The Guadeloupe conference, the collapse of the Shah and Khomeini's seizure of 
power
 26 May 2008. A World to Win News Service. We have run several articles 
recently examining the collision course the U.S. and the Islamic Republic of 
Iran are on, and looking at some of the reasons for this antagonism. The 
following article looks at the question from a different angle, the role played 
by the U.S. in bringing the Khomeini regime to power in 1979, after the fall of 
the U.S.-supported Shah (king). 
 
Like Washington’s support for Islamic fundamentalist forces fighting the Soviet 
occupation of Afghanistan, this move was guided by the interests of U.S. 
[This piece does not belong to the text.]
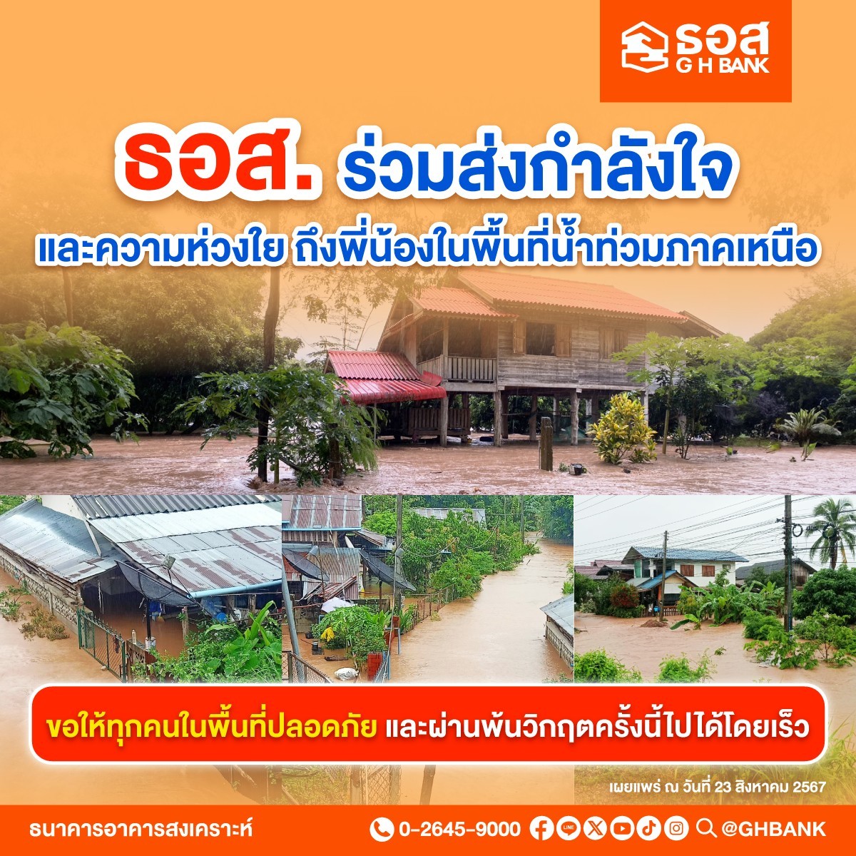 ธอส. ช่วยเหลือพี่น้องชาวภาคเหนือ ที่ประสบปัญหาภัยพิบัติทางธรรมชาติ ฝนตกหนัก น้ำท่วมฉับพลัน น้ำป่าไหลหลาก ดินโคลนถล่ม ด้วยการจัดทำ “มาตรการช่วยเหลือผู้ประสบภัยพิบัติทางธรรมชาติ ปี 2567” โดยลูกค้าและประชาชนที่ประสบภัยสามารถติดต่อสาขาธนาคารทั่วประเทศ เพื่อขอรับความช่วยเหลือได้ตั้งแต่วันนี้ถึงวันที่ 30 ธันวาคม 2567

imperialism in its rivalry with the Soviet bloc at that time. In the post Cold 
War period, especially as the U.S. seeks to deepen the capitalist 
transformation of the Middle East and install regimes more suited to its 
current economic and political requirements, the choices it made in those 
earlier decades have had unintended and far-reaching negative consequences for 
the American empire: these Islamic fundamentalist forces now claim “ with some 
success “ the banner of opposition to the U.S.  Like the coming to power of 
Islamic fundamentalism in Iran in the first place, this situation has been a 
very bad thing for the people. An examination of why and how the U.S. helped 
Khomeini come to power is part of demystifying and exposing the real nature and 
goals of both the imperialists and the Islamic forces now in conflict with them.
 
Dr Ibrahim Yazdi was one of Ruhollah Khomeini's closest advisors when the 
ayatollah was in exile in Paris, before returning to Iran in 1979. Currently he 
is the leader of Nehzate Azadi, a nationalist- religious organisation. Recently 
he granted an interview to the Iranian Internet magazine Iran-Global. It sheds 
light on several aspects of the role of the imperialist powers and in 
particular of the U.S. in the seizure of power by the clergy and the 
establishment of the Islamic Republic of Iran.
 
Much of the interview focuses on questions related to the Guadeloupe summit. 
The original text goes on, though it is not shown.